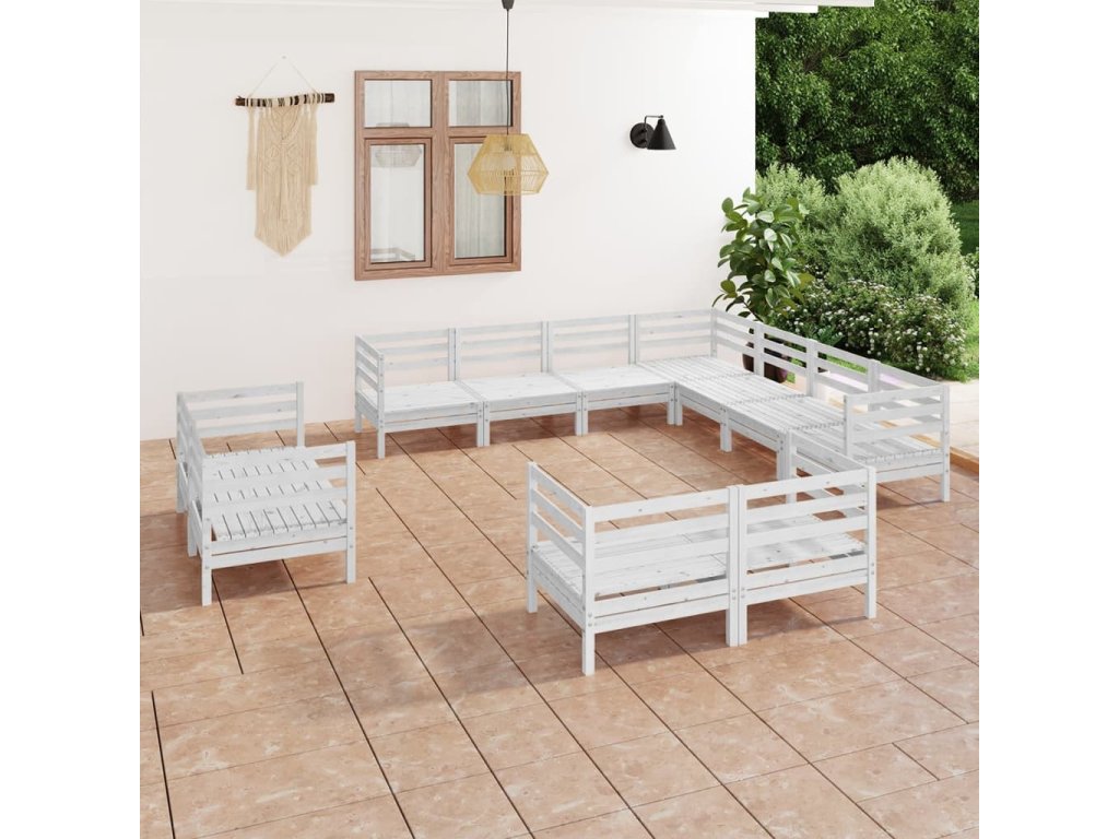 11dílná zahradní sedací souprava masivní borovice bílá 3083215
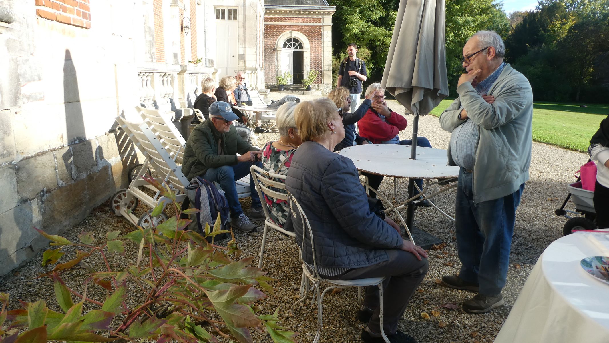 Nous visitons l’orangerie, les anciennes cuisines et notre journée se termine, toujours sous le soleil, par un pot de l’amitié pris devant le château, face au magnifique parc.
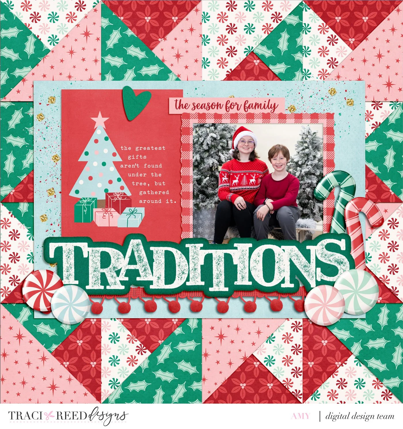 The Festive kit papers make this layout POP! A quilted background gives the page instant coziness and nostalgia, perfect for any Holiday Tradition page!
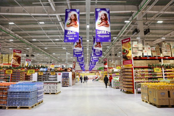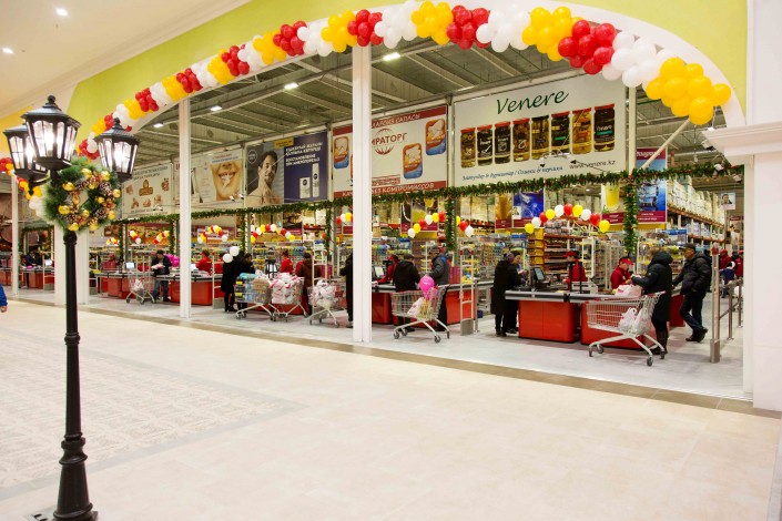 "Мы поиграли с пространством, чтобы было больше места, чтобы покупатели не толкались тележками. Площадь торгового зала здесь 7 300 квадратных метров", - широко разводит руками исполнительный директор Саид Гасанов.
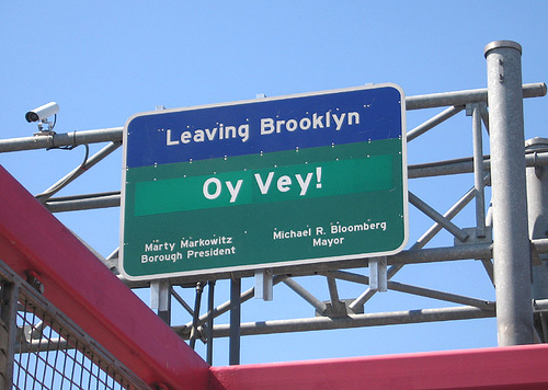 Crossing the Williamsburg Bridge into Manhattan, there is a sign (an actual legitimate road sign) that says “leaving Brooklyn, Oy Vey!”

WORK TASK →
Pictures stay out; reproduce exactly the lines from the one containing "Nous visitons l’orangerie, les" through the last line of the listing, both included.

OUTPUT OF THE EXERCISE →
 Nous visitons l’orangerie, les anciennes cuisines et notre journée se termine, toujours sous le soleil, par un pot de l’amitié pris devant le château, face au magnifique parc.
 The Festive kit papers make this layout POP! A quilted background gives the page instant coziness and nostalgia, perfect for any Holiday Tradition page!
 "Мы поиграли с пространством, чтобы было больше места, чтобы покупатели не толкались тележками. Площадь торгового зала здесь 7 300 квадратных метров", - широко разводит руками исполнительный директор Саид Гасанов.
 Crossing the Williamsburg Bridge into Manhattan, there is a sign (an actual legitimate road sign) that says “leaving Brooklyn, Oy Vey!”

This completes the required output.